==== Given material ====
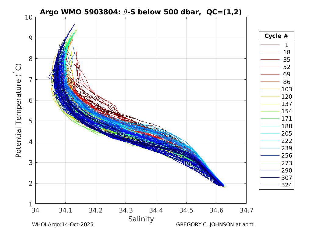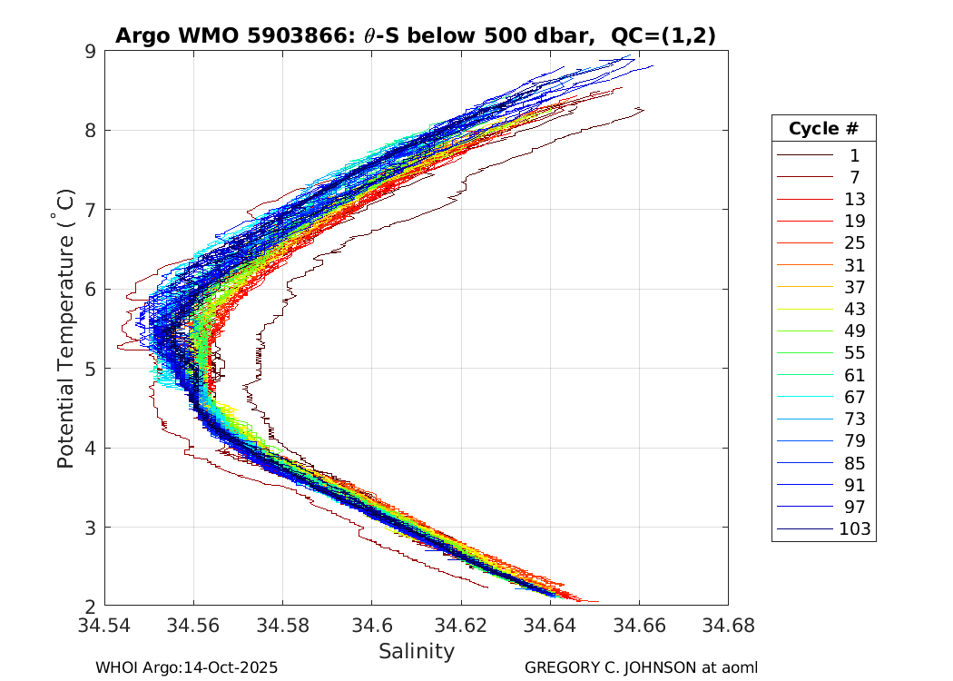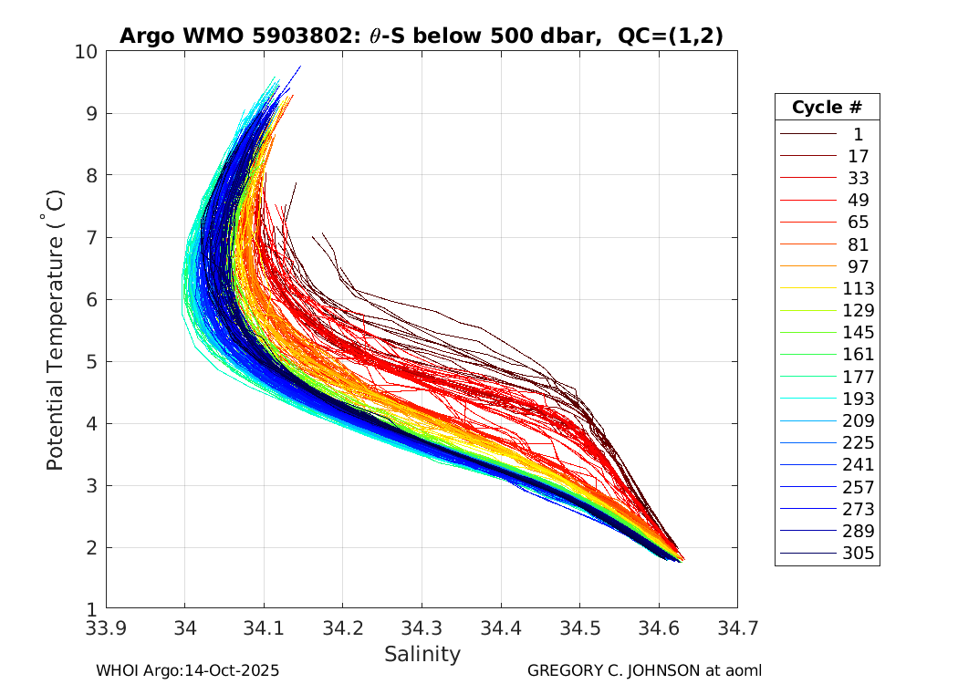 | WMO: #5903866 DAC: aoml PI: GREGORY C. JOHNSON APEX: #5421 SBE41CP: #3500 DRUCK_2900PSIA: #3169572 Altimeter Comparison (IFREMER) EuroArgo Link | ![]() |
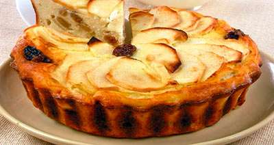 Яблоки очистить, нарезать тонкими дольками, смешать с сахаром, лимонным соком, цедрой и изюмом. Оставить на 1 час. Желтки растереть с творогом, добавить ванильный сахар, манную крупу, разрыхлитель. Белки взбить с щепоткой соли. 2\3 нормы яблок или других фруктов смешать со взбитыми белками и творожной массой, выложить в смазанную маслом и посыпанную сухарями форму, оформить оставшимися яблоками или другими фруктами. Запекать 30-40 минут при 200 С. Подавать со сметаной.
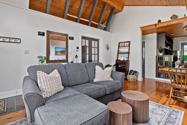 The fully equipped open galley kitchen is highlighted by top-of-the-line appliances, including a Bosch dishwasher, and cherrywood cabinets. Do we say "ooh-la-la"? Yep, we do! When you and your guests want to gather for a formal meal, there’s a sweet dining table out in the 3-season porch area where you can enjoy whatever marvelous meal gets prepared. Guests love the stained-glass window decor and artisan craftsmanship that’s on obvious display throughout the cottage, reminiscent of the work of Frank Lloyd Wright. Uh-huh, we think you’ll be tickled, too.
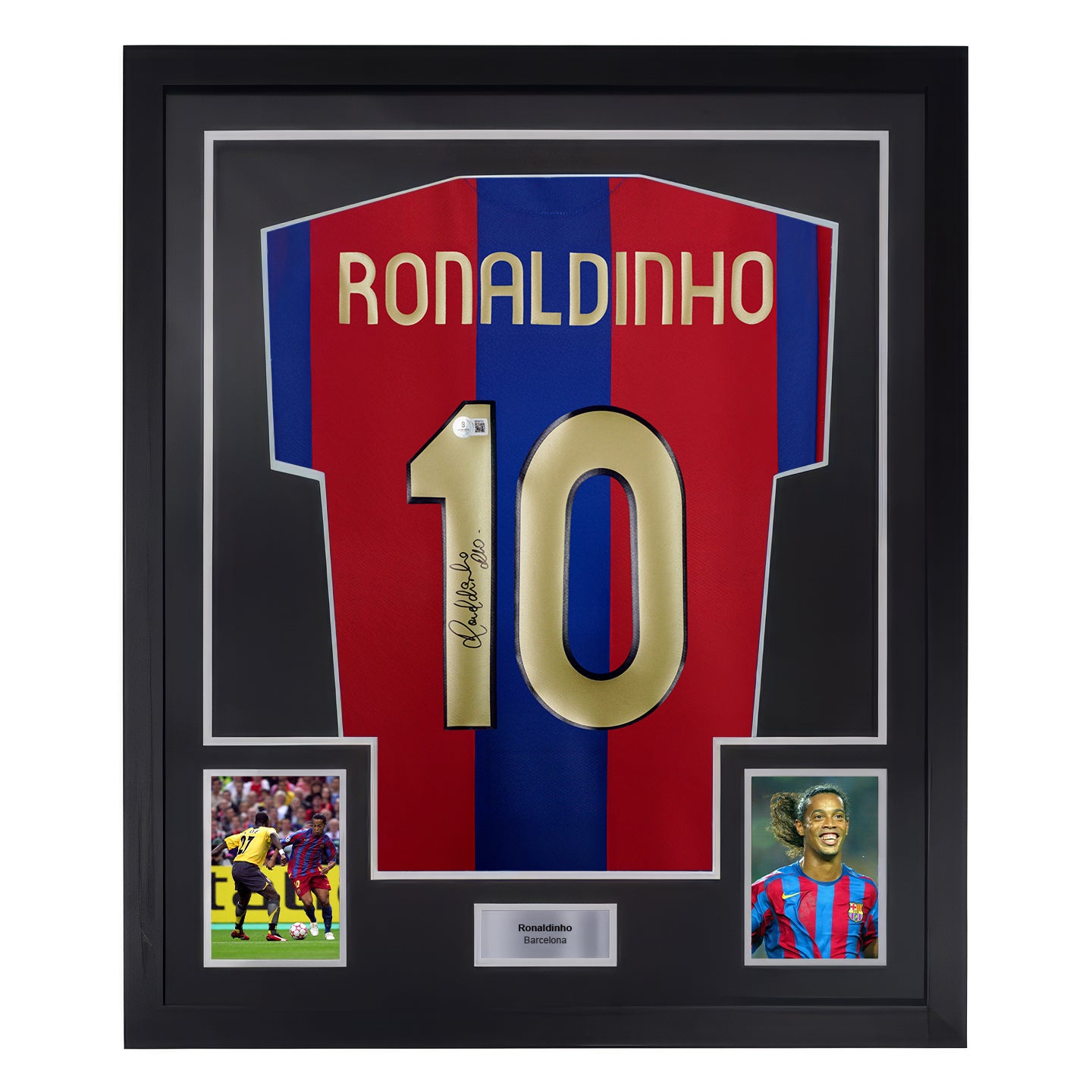 Framed Ronaldinho Signed Barcelona Home Soccer Jersey #10 with Beckett COA
====
* _Exercise prompt_:
What you give back should be the full material above, retyped exactly, with every image removed.

* _Task answer_:
 | WMO: #5903866 DAC: aoml PI: GREGORY C. JOHNSON APEX: #5421 SBE41CP: #3500 DRUCK_2900PSIA: #3169572 Altimeter Comparison (IFREMER) EuroArgo Link | ![]() |
 Яблоки очистить, нарезать тонкими дольками, смешать с сахаром, лимонным соком, цедрой и изюмом. Оставить на 1 час. Желтки растереть с творогом, добавить ванильный сахар, манную крупу, разрыхлитель. Белки взбить с щепоткой соли. 2\3 нормы яблок или других фруктов смешать со взбитыми белками и творожной массой, выложить в смазанную маслом и посыпанную сухарями форму, оформить оставшимися яблоками или другими фруктами. Запекать 30-40 минут при 200 С. Подавать со сметаной.
 The fully equipped open galley kitchen is highlighted by top-of-the-line appliances, including a Bosch dishwasher, and cherrywood cabinets. Do we say "ooh-la-la"? Yep, we do! When you and your guests want to gather for a formal meal, there’s a sweet dining table out in the 3-season porch area where you can enjoy whatever marvelous meal gets prepared. Guests love the stained-glass window decor and artisan craftsmanship that’s on obvious display throughout the cottage, reminiscent of the work of Frank Lloyd Wright. Uh-huh, we think you’ll be tickled, too.
 Framed Ronaldinho Signed Barcelona Home Soccer Jersey #10 with Beckett COA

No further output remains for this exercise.